-------- Raw data

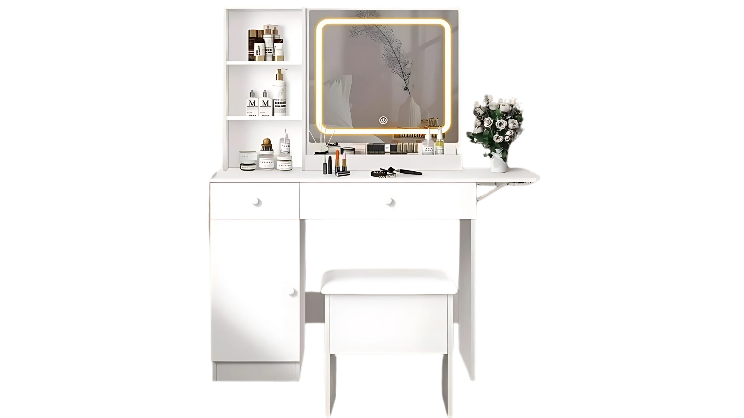 Доволно складирање и удобност – Нашата работна маса нуди доволно простор за складирање со 2 фиоки, 1 кабинет, 3 отворени полици и прегради и приспособлива полица поставена на десната страна за проширување на работната површина. Организирајте ги вашите најважни работи за убавина без напор.
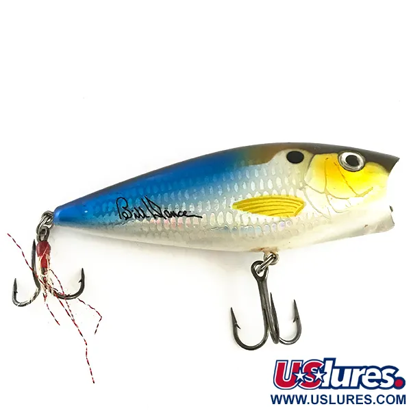 De handtekening van de legendarische visser Bill Dance prijkt op de blauw getinte flank van dit topwater exemplaar. Met een lengte van 8 cm (3 1/4") maakt het kunstaas gebruik van een holle mond om water te verplaatsen op het wateroppervlak (0 m). Een gewicht van 12,5 g (2/5 oz) zorgt voor stabiliteit bij verre worpen naar structuren. In het Threadfin Shad kleurenschema reflecteert een holografische afwerking het licht via de zilveren zijden met schubpatroon, terwijl een gele keel een subtiel contrast toevoegt. Op de witte buik is de code 6482 gekoppeld aan de duidelijk gedrukte 'Excalibur POP'N IMAGE' branding. De achterste dreg is voorzien van rode en witte veren om aanbeten uit te lokken wanneer het kunstaas stil ligt. Dit specifieke item verkeert in uitstekende staat met een waardering van 5/5.
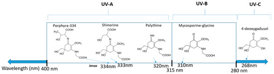 Chemical structures of mycosporine-like amino acids and their maximum absorbance values placed on the UV wavelength scale.
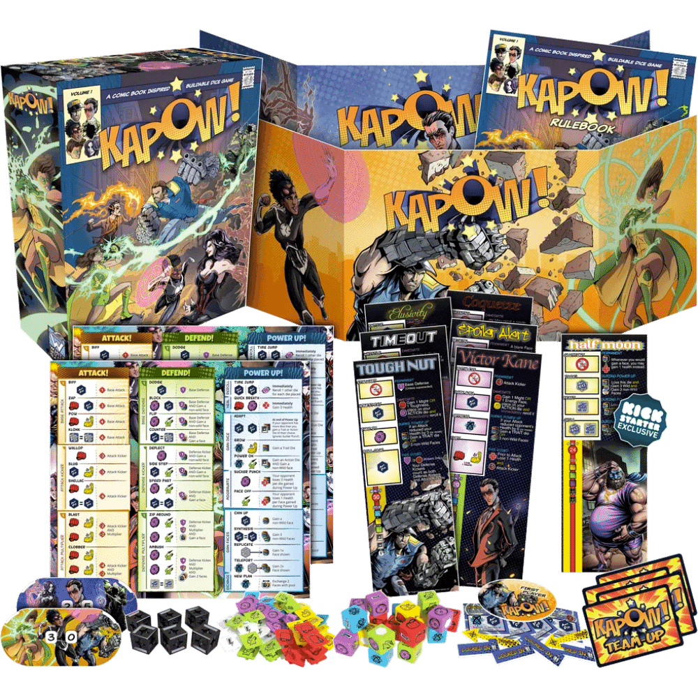 KAPOW! Volume 1 contains six supers: Tough Nut, Elusivity, and Time Out are the heroes, while Victor Kane, Coquette, and Spoiler Alert are the villains. This set can be combined with KAPOW! Volume 2 to mix and match the characters or have up to four players in one game.
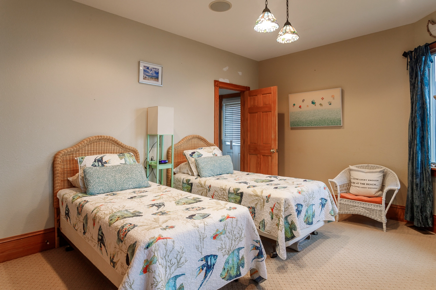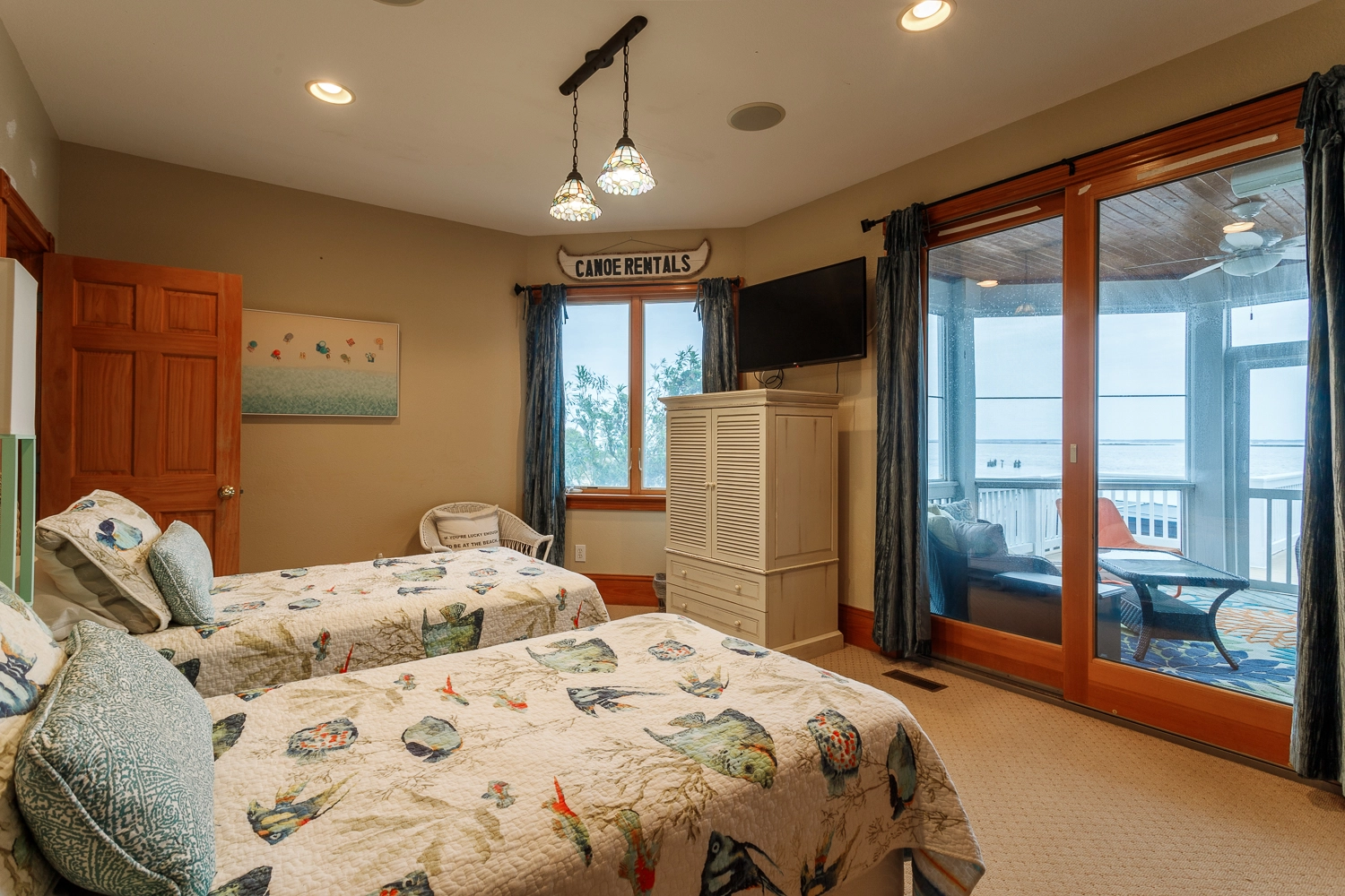 Two Twins, Semi-private full cabana bath, Standing shower, Screened porch access
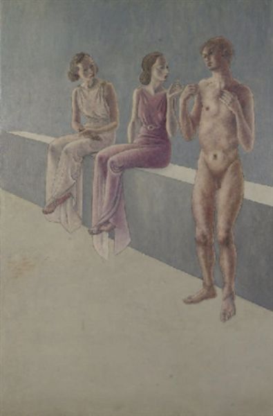 Représentant deux femmes assises regardant un homme dénudé sur leur droite

----------------

- _Task to carry out_: Write the records out again exactly; none of the pictures belong in the copy.

- _Response to the exercise_:
 Доволно складирање и удобност – Нашата работна маса нуди доволно простор за складирање со 2 фиоки, 1 кабинет, 3 отворени полици и прегради и приспособлива полица поставена на десната страна за проширување на работната површина. Организирајте ги вашите најважни работи за убавина без напор.
 De handtekening van de legendarische visser Bill Dance prijkt op de blauw getinte flank van dit topwater exemplaar. Met een lengte van 8 cm (3 1/4") maakt het kunstaas gebruik van een holle mond om water te verplaatsen op het wateroppervlak (0 m). Een gewicht van 12,5 g (2/5 oz) zorgt voor stabiliteit bij verre worpen naar structuren. In het Threadfin Shad kleurenschema reflecteert een holografische afwerking het licht via de zilveren zijden met schubpatroon, terwijl een gele keel een subtiel contrast toevoegt. Op de witte buik is de code 6482 gekoppeld aan de duidelijk gedrukte 'Excalibur POP'N IMAGE' branding. De achterste dreg is voorzien van rode en witte veren om aanbeten uit te lokken wanneer het kunstaas stil ligt. Dit specifieke item verkeert in uitstekende staat met een waardering van 5/5.
 Chemical structures of mycosporine-like amino acids and their maximum absorbance values placed on the UV wavelength scale.
 KAPOW! Volume 1 contains six supers: Tough Nut, Elusivity, and Time Out are the heroes, while Victor Kane, Coquette, and Spoiler Alert are the villains. This set can be combined with KAPOW! Volume 2 to mix and match the characters or have up to four players in one game.
 Two Twins, Semi-private full cabana bath, Standing shower, Screened porch access
 Représentant deux femmes assises regardant un homme dénudé sur leur droite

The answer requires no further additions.